Reviewed by Bailey Pemberton
Wondering whether to hold on to ZoomInfo Technologies, make a move, or simply stay on the sidelines? You are not alone. This stock has been catching the eye of investors trying to decide if its latest moves are signs of a fresh start or a warning sign. After a fairly positive climb of 4.3% over the last 30 days, ZoomInfo’s stock took a modest dip this week, closing at $10.67, down 8.1% in the past seven days. For the year, it is up just 2.0%, though the path here has been anything but smooth. The stock still faces the shadow of a tough three-year stretch, having lost over 75% of its value in that period. That said, its one-year return is a surprising 11.6%, suggesting that some investors see renewed potential even as others remain cautious.

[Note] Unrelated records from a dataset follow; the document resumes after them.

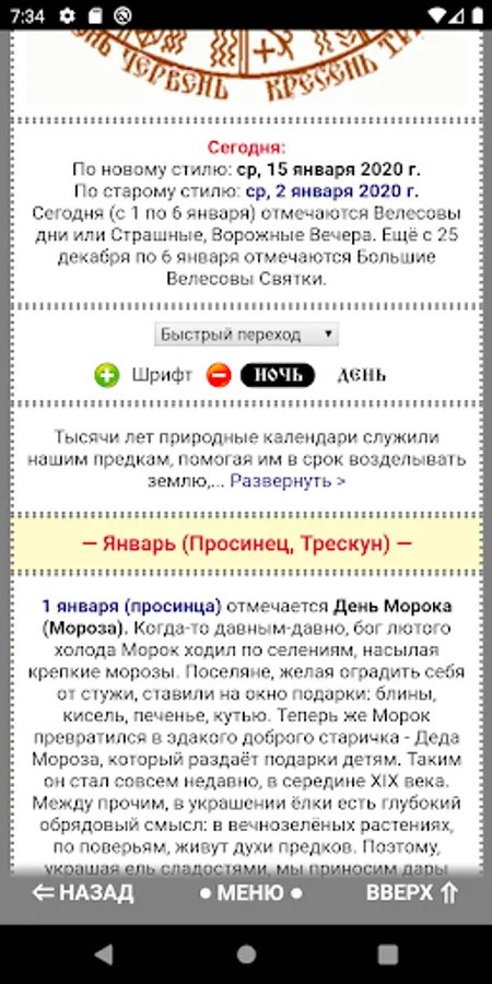 Added time synchronization with the calendar of Slavic holidays. Now you can see what holidays are taking place today.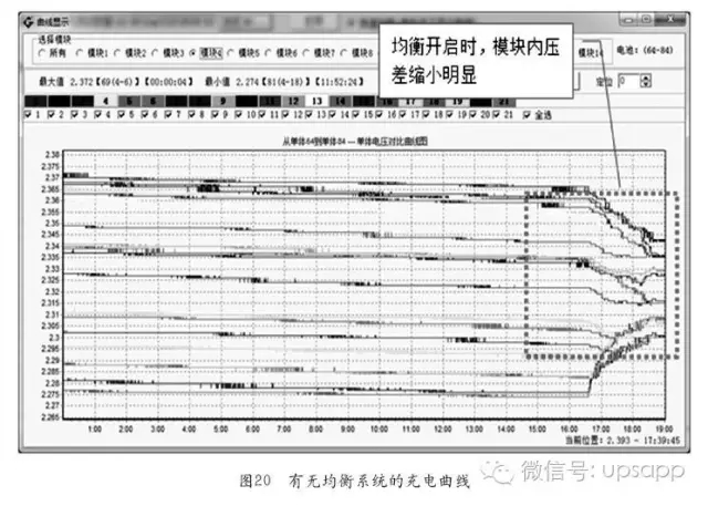 從圖20可以看出300Ah電池組220只單體電芯在開(kāi)啟BMU均衡的時(shí)候,單體電壓從分散的狀態(tài)逐漸趨于集中,表明單體均衡功能有效。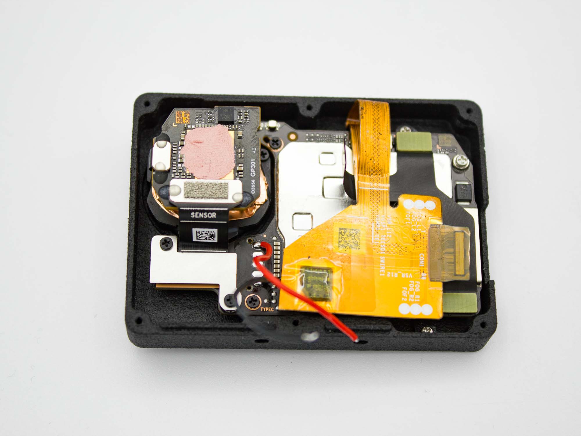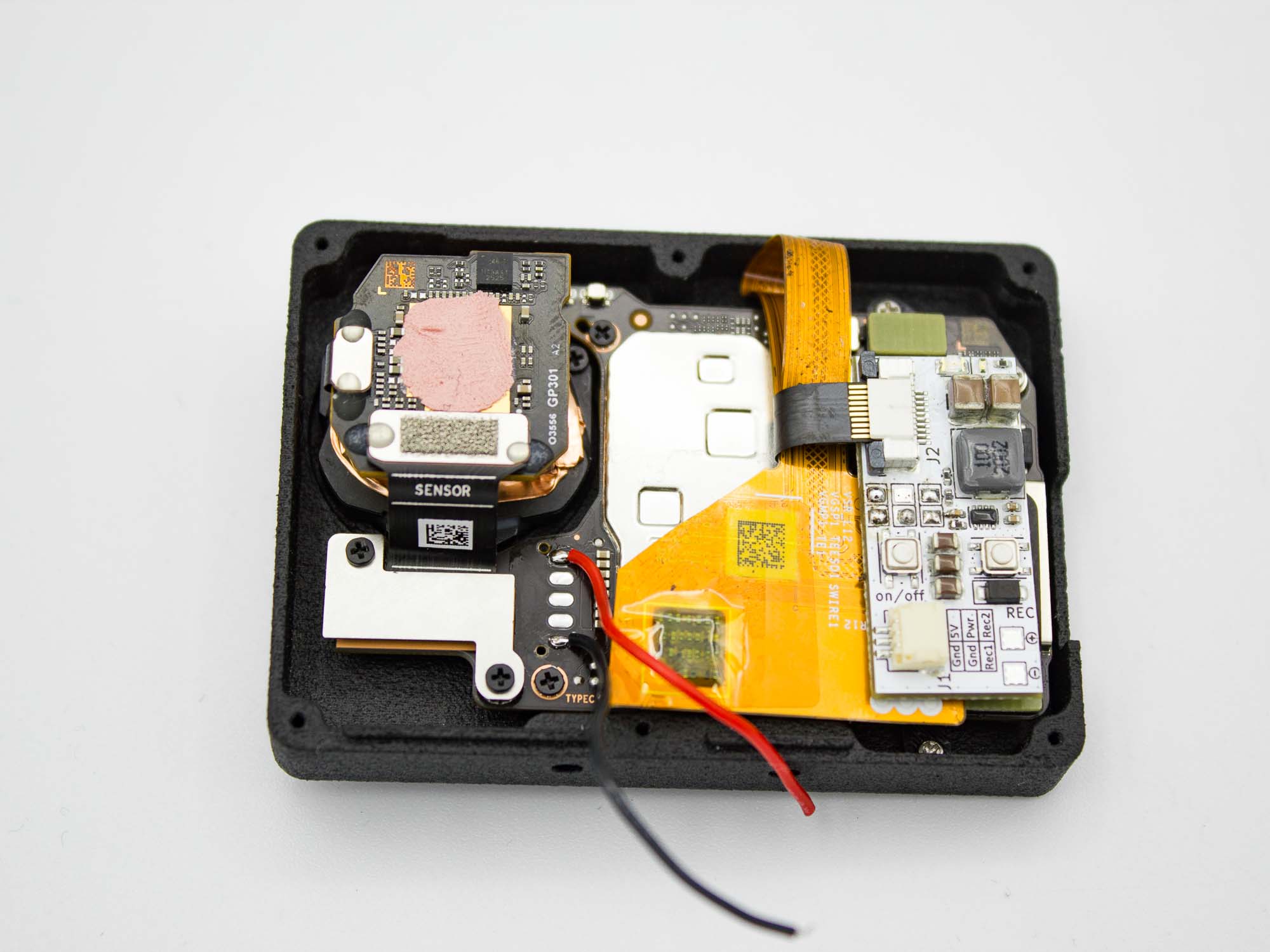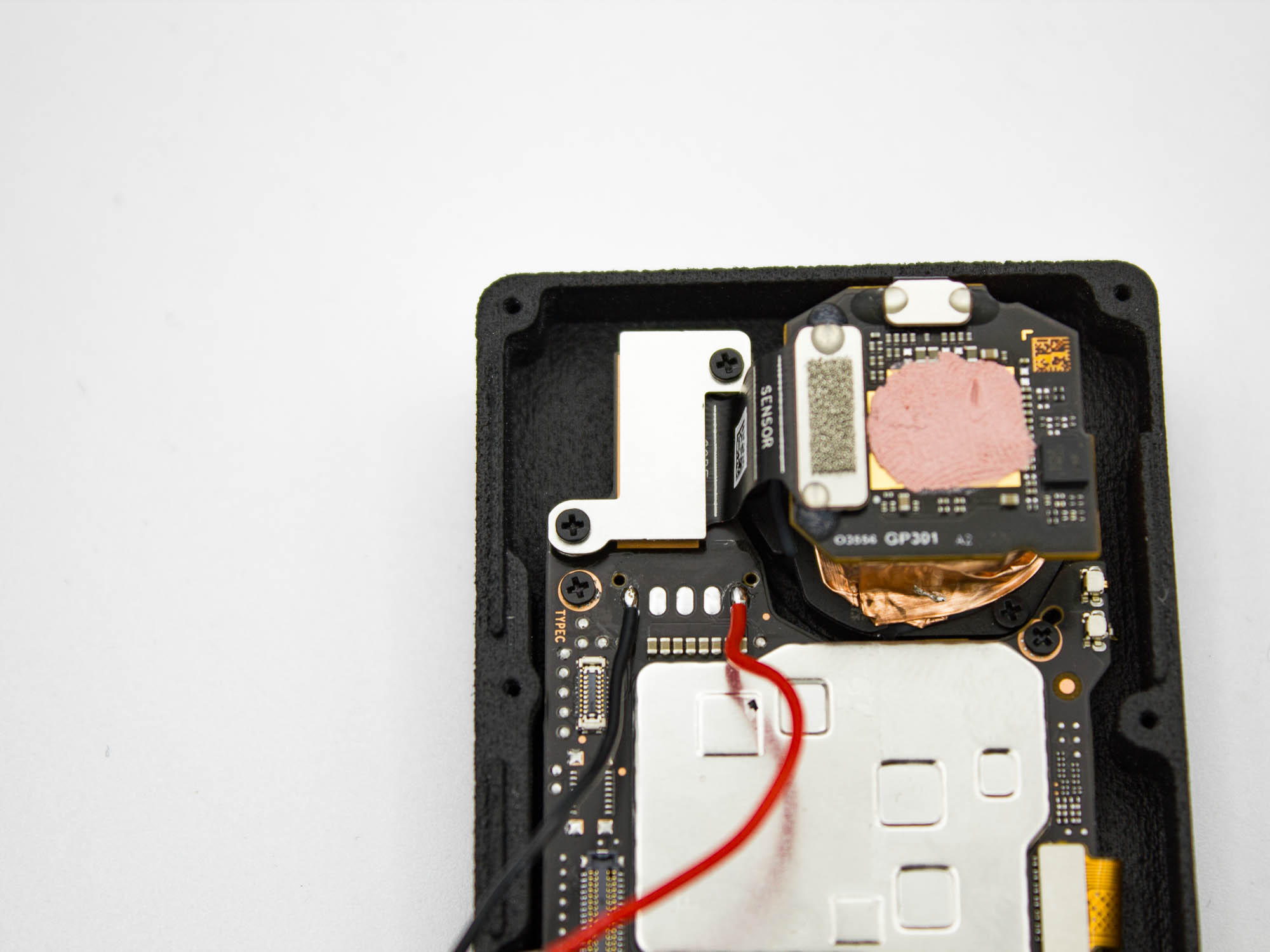 In its naked configuration, the DJI Action 6 camera may exhibit stabilization artifacts after processing footage with Gyroflow. These issues are caused by slight movement of the sensor PCB and its onboard gyro. To resolve this, place a piece of foam between the rear cover and the sensor PCB. The foam must apply firm pressure to securely fix the sensor assembly. Correct pressure is achieved when the rear cover needs to be pressed onto the camera by hand before inserting the screws.

Broader market developments, like the ongoing shifts in technology spending and increased demand for data-driven business tools, have influenced the mood around ZoomInfo but have not been enough to fully reverse its challenging long-term trend. So where does this leave us on value? Using a common checklist approach, ZoomInfo is undervalued in 2 out of 6 key valuation checks, giving it a value score of 2. This might catch the attention of bargain hunters but leaves room for plenty of debate.
If you are curious about what these valuation methods tell us about ZoomInfo Technologies, keep reading. We will break down each approach and, later on, reveal one overlooked way of thinking about whether this stock belongs in your portfolio.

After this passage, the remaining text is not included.